Die Werbung für Jesus geht nicht immer so gut geht wie hier. Wer innerlich begeistert ist, wird nicht immer auch den richtigen Stil und die richtige Art finden, wie er von seiner Beziehung zu Jesus erzählt.
Man kann an Andreas abgucken: Er sagt nicht, wie es ihm ums Herz ist. Er wird nicht gefühlig und macht sich nicht selbst zum Mittelpunkt des Gesprächs. Sondern er berichtet von seiner Entdeckung. „Wir haben den Messias gefunden.“ Er hat etwas mitzuteilen und sagt es einfach. Und nur, wer etwas mitzuteilen hat, soll auch etwas sagen!
Es ist gut, zu wissen: Gott hat die zufälligen Begegnungen in seiner Hand. Man muss lernen, nicht in überschäumender Begeisterung zu reden, sondern im gleichzeitigen Beten und Hören auf Gott.
Andreas hat seinen Bruder gefunden und mitgeschleppt. Natürlich nicht gewaltsam. Er wird freiwillig und mit stürmischen Schritten mitgegangen sein, wie wenn es was umsonst gibt.

4. Szene
Petrus ist bei Jesus. Der gibt ihm einen neuen Namen. Das macht er nicht mit jedem. Jesus sieht ihn, als würde er ihn kennen. Dieser Petrus hatte eben doch einen besonderen Auftrag.

Jesus sieht uns, jeden von uns, als würde er uns persönlich kennen. Ja, er kennt uns. Er macht auch aus uns andere Menschen, auch wenn er uns keinen neuen Namen gibt.

Der Essener Pfarrer Wilhelm Busch erzählt einmal von einem Urlaubserlebnis am Bodensee. Dort begleitetete ihn eine Diakonisse auf den Weg zum Friedhof, der direkt an den See grenzt.

Während sie an der Friedhofsmauer entlang gingen, zeigte sie, so erzählt Busch, in das Wasser und sagte: „>Hier hat sich mein Leben entschieden.<

Ich schaue in das klare Wasser und sehe etwas Seltsames: Da liegen alte Grabsteine. In früheren Zeiten hat man wohl, wenn man Platz für neue Gräber brauchte, die alten Steine einfach in den See gestürzt. Da liegen sie nun zwischen den Ufersteinen.
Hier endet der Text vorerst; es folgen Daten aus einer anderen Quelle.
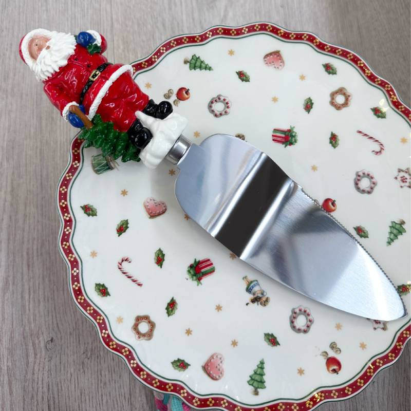 Faca de bolo com pai natal no cabo.
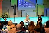 Пресс-показ выставки "Новое общество художников" об одноименном художественном объединении Серебряного века в Музея русского импрессионизма. Директор Музее русского импрессионизма Юлия Петрова (слева) и куратор выставки Ольга Юркина (справа) во время пресс-конференции перед началом показа.

Wenn das Wasser klar ist, kann man die Inschriften noch lesen.
Und die Diakonisse erzählt: >Hier habe ich als junges Mädchen einmal gestanden. Mein Blick fiel auf einen der Grabsteine. Der Name war verwittert. Aber die Jahreszahlen waren noch zu lesen: 1789-1821. Und da durchfuhr es mich auf einmal: Der Strich zwischen den zwei Zahlen - das war ein ganzes Menschenleben. Nur ein Strich! Mehr ist unser Leben nicht! Ein Strich zwischen zwei Zahlen - so wenig! Und da ging mir auf, welch eine Verantwortung wir haben - die ungeheure Verantwortung, aus diesem armseligen Strich etwas zu machen ... ja, da habe ich mein Leben dem Heiland übergeben, und ich habe mich entschlossen, dies arme kleine Leben In seinen Dienst zu stellen. So wurde ich Diakonisse...<“

Ich fasse die vier Szenen zusammen, vier Stichworte: Hören, Sehen, Bezeugen, Ein anderer werden. Das war der rote Faden. Es ist das Erleben von zwei oder drei jungen Menschen mit Jesus. Die entscheidende Stunde ihres Lebens.

Für viele Menschen war es auch seitdem die entscheidende Stunde, als sie Jesus begegneten und ihnen aufging: Wir haben den Messias, den Retter gefunden. Amen!